Aahhh, Mr. Stump. As Legend takes pains to point out, Stump stood on the shoulders of the giants who came before him. But it was Stump and the notorious cast of Blizzard of Aahhhs – Scot Schmidt, Glen Plake and Mike Hattrup – who pried open America’s consciousness and deftly inserted therein the whole notion of extreme skiing. (Schmidt had first surfaced in a couple of Miller vehicles, but it was under Stump’s direction that his legend was cemented.) Stump’s movies combined charismatic personalities, cliff-jumping heroics, indie-band music and enough of a story line to hold the amalgam together. NBC’s Today show took notice, and the genie was out of the bottle for good.
Ironically, just as new-fangled extreme sports were exploding around it, skiing lost its position as the movement’s avatar, shoved to the sidelines by its spawn. (About the same time, Stump was abandoning ski movies for rock videos.) When in the late 1990’s ESPN was looking for events to populate its new franchise, the Winter X Games - an event that would not have been possible without skiing - skiing was completely overlooked in favor of snowboarding and even skiboarding. Oy. Now, thank goodness, skiers are getting more recognition and are back on even terms with snowboarding while competitive skiboarding resides in the retirement home along with long thongs and 8-track stereo.
Of course ski movies didn’t end with Stumpy’s oeuvre; MSP, TGR, Poor Boyz and others have continued the progression.

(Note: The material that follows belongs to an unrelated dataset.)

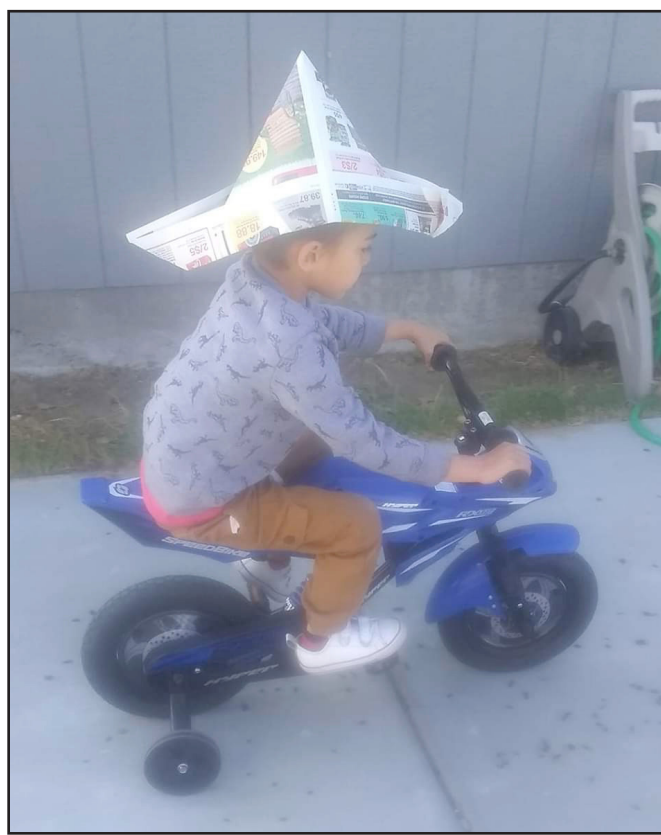
That's quite a hat you have there.

Athletes now strive to push the envelope so hard that stationery seems too feeble a metaphor; it’s more like they are pushing against armor, as it grows harder and harder to amaze a jaded public. (The lucky ones who miss their trick and don’t die wake up in the same wing as Wiley Coyote.) If you think the next step is athletes setting themselves on fire before launching into the firmament, you’re way behind the curve. I have friends who did that in the 1970’s, unbalanced friends, but evidence nonetheless that the past is prologue.
One day they will find in the human genome where the urge resides that spurs us to investigate our origins. (We probably share the gene with salmon.) It is that stirring that led Stump on his quest upstream where he found in the work of Arnold Fanck a trickle of inspiration that began modestly and over time cut a deep ravine in the national consciousness. The Legend of Aahhhs follows this history with the respect and love of an auteur who knows that the genealogy he traces is his own.